Уехать отсюда? И мыслей таких нет. Южу я люблю. В прошлом году решила парк городской восстановить. Подбила народ. Взяла рассаду, которую сама вырастила, привезла на велосипеде в парк и стала клумбы восстанавливать. Администрации стыдно стало, и они тогда детскую площадку отремонтировали. В планах у меня еще театр теней организовать…
А вообще, я так скажу – от всякого худа есть добро. Вот, чтобы выжить, организовала агентство досуга. "Золотая рыбка" называется. Хожу на детские дни рождения, свадьбы, юбилеи. Сама пишу сценарии и стихи для праздников. Еще от центра занятости на шофера учусь. Я б и на парикмахера выучилась – ходила бы бабушек по домам стричь. Тоже заработок. Теплицу новую купила бы для рассады и времени для всего этого вагон. Лучше два. И студию кукольную не брошу, нет. Куда я без детей, и они куда… Кто на такую зарплату к ним придет? Никто к ним придет…

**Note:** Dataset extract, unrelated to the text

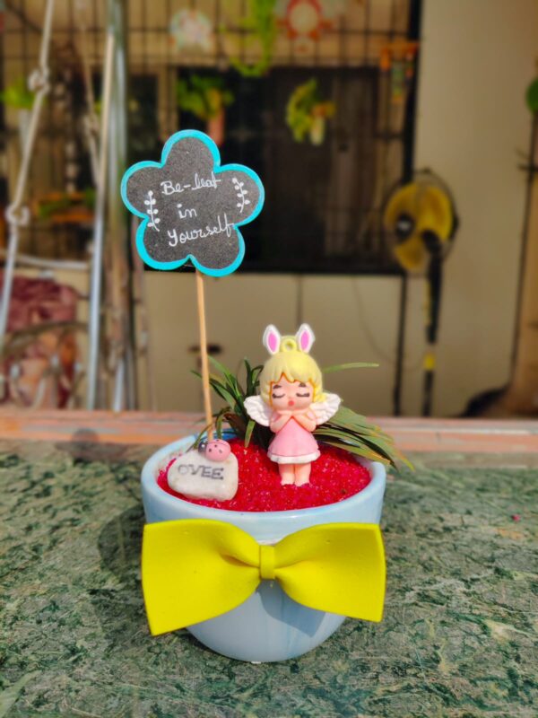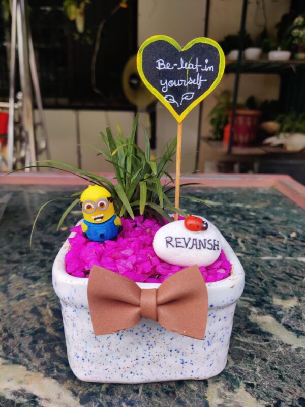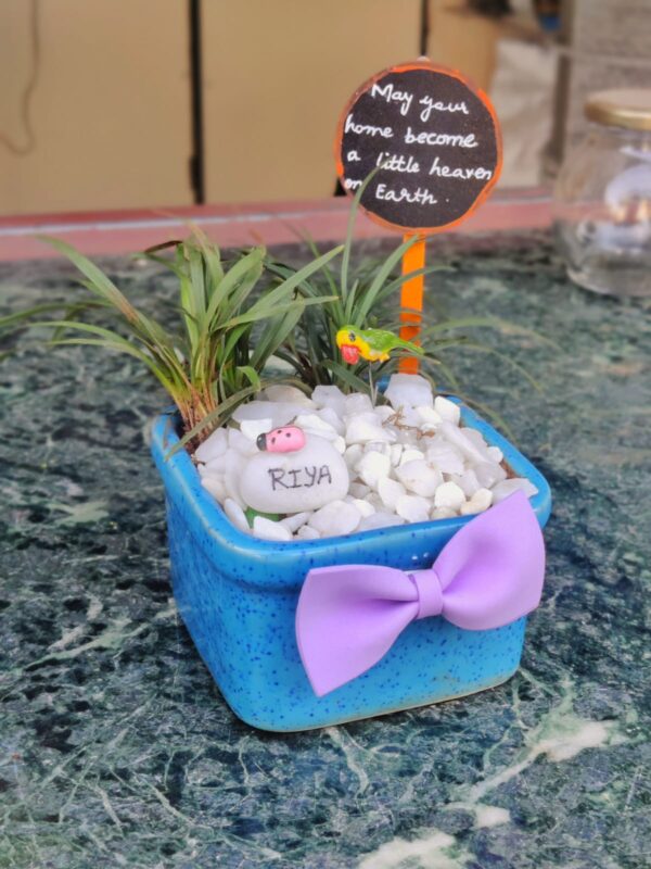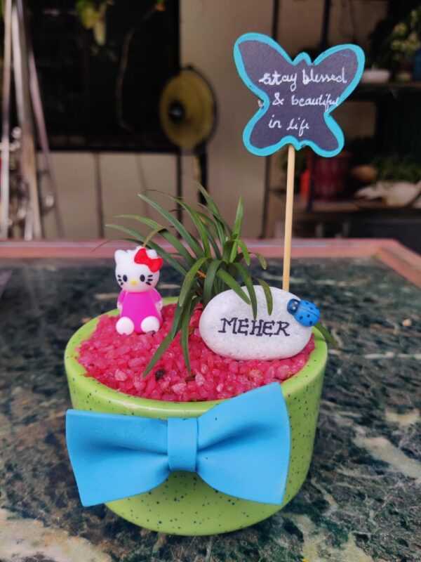 - Stone with kid’s name and ladybug toy, board with quote & bow

За семь лет до своей смерти помещик Протасьев продал и южскую фабрику, и восемь с половиной тысяч десятин леса шуйскому купцу, торговцу бумажной пряжей, миткалем и ситцами Асигкриту Яковлевичу Валину. К семнадцатому году шестнадцать тысяч веретен Протасьева превратились в сто с лишним тысяч. Южа превратилась в центр Южской волости. Пустырь на противоположном берегу озера Вазаль превратился в большой рабочий поселок с больницей, училищами мужским и женским, богадельней для престарелых и неспособных к труду рабочих, санаторием, родильным приютом, Народным домом, театром и электростанцией. И еще было построено четыре сотни отдельных домиков для рабочих с правом собственности. Революция в Южу приходить не хотела. Никто ее там не ждал. Но даже и после того, как пришла, Василий Асигкритович Валин еще несколько лет управлял фабрикой по просьбе рабочих. И только после того, как он подготовил себе смену, его сняли с должности, выгнали из дому и даже реабилитировали в конце тридцатых. Правда, посмертно. Дом, а вернее, резной деревянный терем, построенный еще в 1889 году, в котором жило семейство Валиных, в двадцать восьмом году отдали под детский сад.